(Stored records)

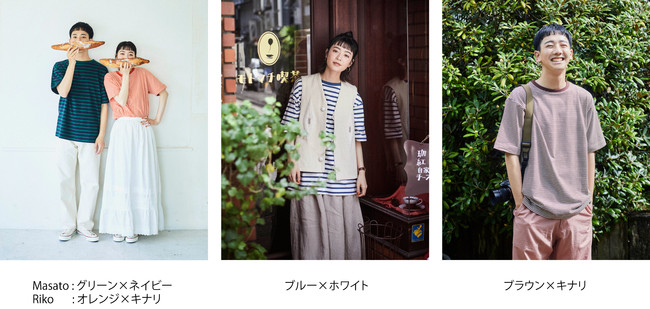 今回はロゴTシャツとボーダーTシャツをコラボレーション。ロゴTシャツは、着た時に元気になれるようなポジティブなメッセージをRikoさんが選び、書き下ろした文字をロゴとしてプリントしました。さらに、鎖骨が見えるネックデザイン、落ち感のある綿100%素材を使用するなど、カジュアルは残しつつ女性らしさを大切にしたいという、Rikoさんならではのこだわりが詰まった1枚ができました。また、「パートナーと一緒に着れるTシャツがあったらいいな。」という2人の想いから、Mサイズはレディース、Lサイズはユニセックスで着れる2サイズのボーダーTシャツを作りました。サイズ感だけでなく、女性が着やすいピッチの細いミジンボーダーと、男女ともに定番として着れるレギュラーボーダーの2種類を作るなど、一緒に着やすいよう柄やカラーにこだわりました。
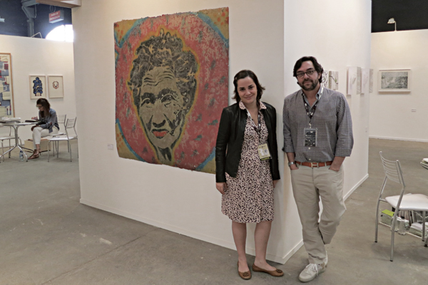 Camila Siqueria junto a Eduardo Leme de Galería Leme frente a una obra de Martinat en la 2da edición de ArtRío.
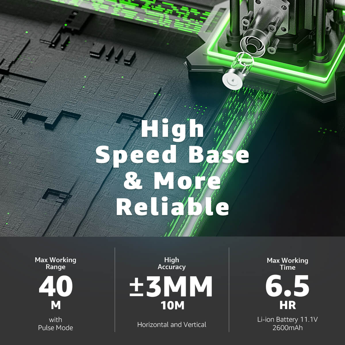 - El sistema de base de elevación permite un ajuste de altura fácil, asegurando un alineamiento láser perfecto con cualquier superficie de trabajo. Con soporte estable y tecnología de equilibrio inteligente, proporciona mediciones precisas en todas las condiciones, ayudándote a mantener altos estándares en cada proyecto.
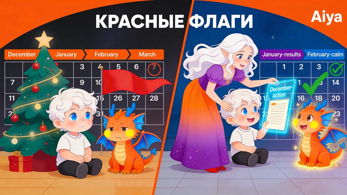 Рубрика: «КРАСНЫЕ ФЛАГИ» Тема: «Красный флаг: Ребёнок молчит в 3 года, а вы думаете, что "в каникулы рассосётся"» 🚩 КРАСНЫЙ ФЛАГ #НОМЕР 6: Ожидание чуда вместо действия СЦЕНА: Ваш ребёнок 3 года молчит. Вы думаете: «Новый год, каникулы, волшебство… может, само?» ЭТО НЕ ВОЛШЕБСТВО. ЭТО ОТСРОЧКА ПРОБЛЕМЫ. Что говорит наука: В 3 года ребёнок должен говорить 300–500 слов и строить фразы. Если он молчит — это не «поздно заговорит». Это СРОЧНАЯ КОНСУЛЬТАЦИЯ. Что произойдёт, если вы подождёте до января: Январь: вы в панике, потому что в саду сказали «что-то не так» Февраль: спешные поиски логопеда, очереди Март: ребёнок в стрессе, потому что вы в стрессе Апрель: вы начинаете, но уже на 3 месяца позже оптимального времени Что произойдёт, если вы действуете СЕГОДНЯ (24 декабря): До Нового года успеете получить план В каникулы спокойно начнёте В январе увидите первые результаты В феврале уже будете спокойны Мудрость Феи Айя: «Волшебство Нового года не в том, что проблемы исчезают. Волшебство —
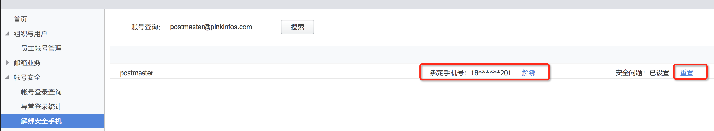 如果安全问题不记得答案 ,手机号码又不能用了,就需要公司的邮箱管理员登录postmaster到帐号管理,找到此帐号编辑里面重置帐号密码.  并且提醒管理员可以到帐号安全里面把安全问题与手机号码解绑,重新登录重新绑定即可.
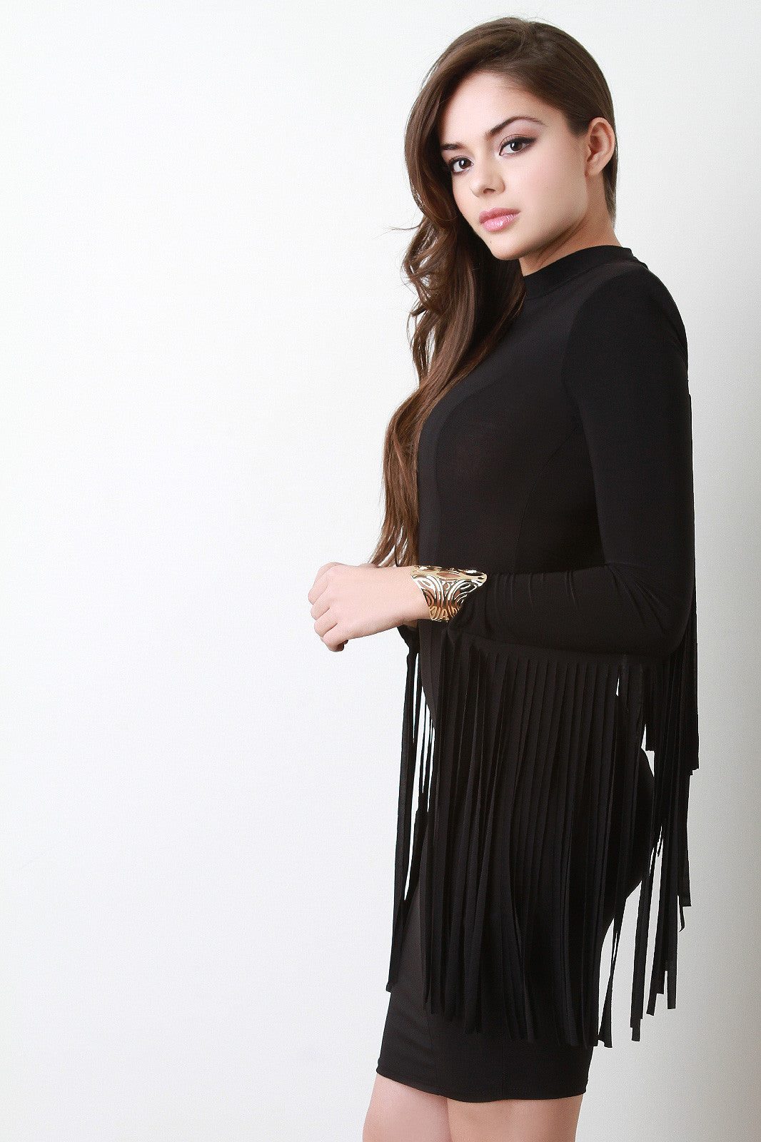 Fringe Sleeve Structure Bodycon Dress
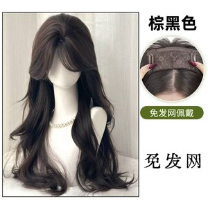 【少女和书】不用戴发网免打理中分八字刘海长卷发棕黑色补发片
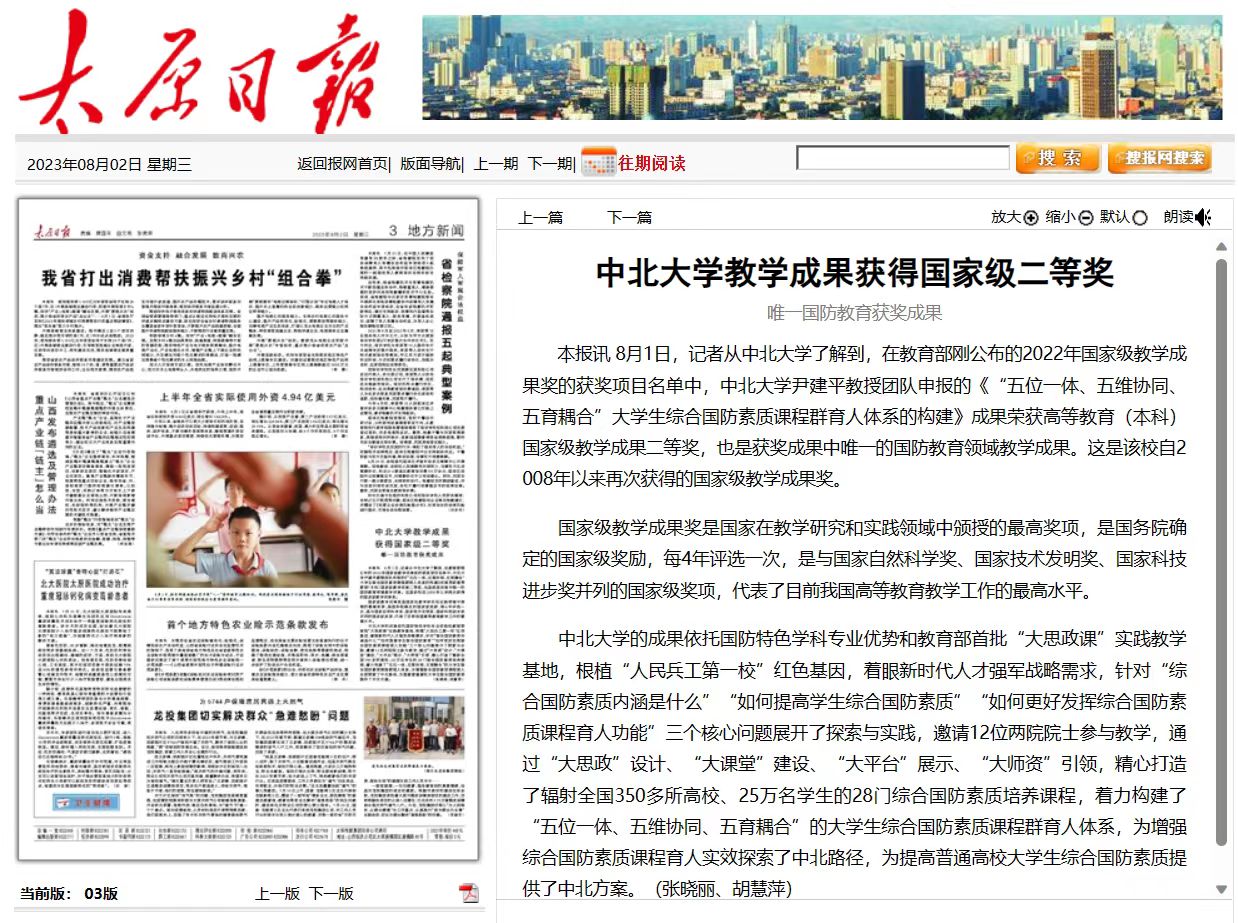 【太原日报】中北大学教学成果获得国家级二等奖 唯一国防教育获奖成果
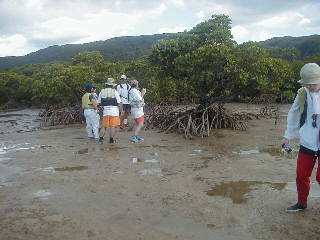 ツアーの終盤、引き潮で干上がった汽水域(きすいいき)と呼ばれる淡水と海水が混じり合う場所を少し歩きました。ここでマングローブとその周りの動物たちを案内していただきました。
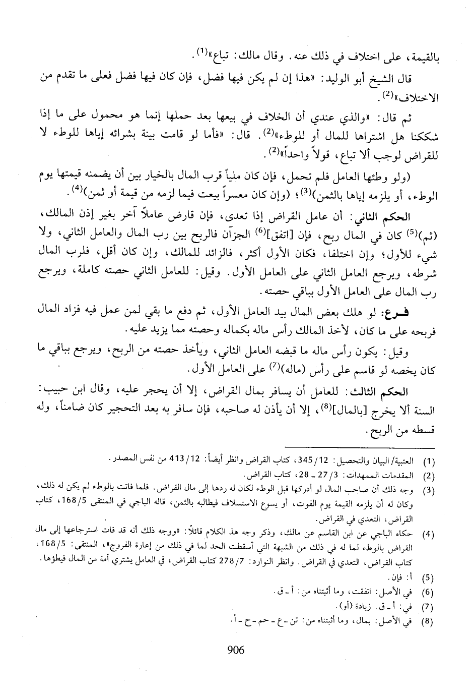 قال الشيخ أبو الوليد: "هذا إن لم يكن فيها فضل، فإن كان فيها فضل فعلى ما تقدم من الاختلاف".
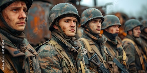 © Molang Visual, Fototapeta premium A group of soldiers in uniform standing in a row looking to the left

Directions
Nothing but an exact copy of the data, without its images, should make up your answer.

Response below
 今回はロゴTシャツとボーダーTシャツをコラボレーション。ロゴTシャツは、着た時に元気になれるようなポジティブなメッセージをRikoさんが選び、書き下ろした文字をロゴとしてプリントしました。さらに、鎖骨が見えるネックデザイン、落ち感のある綿100%素材を使用するなど、カジュアルは残しつつ女性らしさを大切にしたいという、Rikoさんならではのこだわりが詰まった1枚ができました。また、「パートナーと一緒に着れるTシャツがあったらいいな。」という2人の想いから、Mサイズはレディース、Lサイズはユニセックスで着れる2サイズのボーダーTシャツを作りました。サイズ感だけでなく、女性が着やすいピッチの細いミジンボーダーと、男女ともに定番として着れるレギュラーボーダーの2種類を作るなど、一緒に着やすいよう柄やカラーにこだわりました。
 Camila Siqueria junto a Eduardo Leme de Galería Leme frente a una obra de Martinat en la 2da edición de ArtRío.
 - El sistema de base de elevación permite un ajuste de altura fácil, asegurando un alineamiento láser perfecto con cualquier superficie de trabajo. Con soporte estable y tecnología de equilibrio inteligente, proporciona mediciones precisas en todas las condiciones, ayudándote a mantener altos estándares en cada proyecto.
 Рубрика: «КРАСНЫЕ ФЛАГИ» Тема: «Красный флаг: Ребёнок молчит в 3 года, а вы думаете, что "в каникулы рассосётся"» 🚩 КРАСНЫЙ ФЛАГ #НОМЕР 6: Ожидание чуда вместо действия СЦЕНА: Ваш ребёнок 3 года молчит. Вы думаете: «Новый год, каникулы, волшебство… может, само?» ЭТО НЕ ВОЛШЕБСТВО. ЭТО ОТСРОЧКА ПРОБЛЕМЫ. Что говорит наука: В 3 года ребёнок должен говорить 300–500 слов и строить фразы. Если он молчит — это не «поздно заговорит». Это СРОЧНАЯ КОНСУЛЬТАЦИЯ. Что произойдёт, если вы подождёте до января: Январь: вы в панике, потому что в саду сказали «что-то не так» Февраль: спешные поиски логопеда, очереди Март: ребёнок в стрессе, потому что вы в стрессе Апрель: вы начинаете, но уже на 3 месяца позже оптимального времени Что произойдёт, если вы действуете СЕГОДНЯ (24 декабря): До Нового года успеете получить план В каникулы спокойно начнёте В январе увидите первые результаты В феврале уже будете спокойны Мудрость Феи Айя: «Волшебство Нового года не в том, что проблемы исчезают. Волшебство —
 如果安全问题不记得答案 ,手机号码又不能用了,就需要公司的邮箱管理员登录postmaster到帐号管理,找到此帐号编辑里面重置帐号密码.  并且提醒管理员可以到帐号安全里面把安全问题与手机号码解绑,重新登录重新绑定即可.
 Fringe Sleeve Structure Bodycon Dress
 【少女和书】不用戴发网免打理中分八字刘海长卷发棕黑色补发片
 【太原日报】中北大学教学成果获得国家级二等奖 唯一国防教育获奖成果
 ツアーの終盤、引き潮で干上がった汽水域(きすいいき)と呼ばれる淡水と海水が混じり合う場所を少し歩きました。ここでマングローブとその周りの動物たちを案内していただきました。
 قال الشيخ أبو الوليد: "هذا إن لم يكن فيها فضل، فإن كان فيها فضل فعلى ما تقدم من الاختلاف".
 © Molang Visual, Fototapeta premium A group of soldiers in uniform standing in a row looking to the left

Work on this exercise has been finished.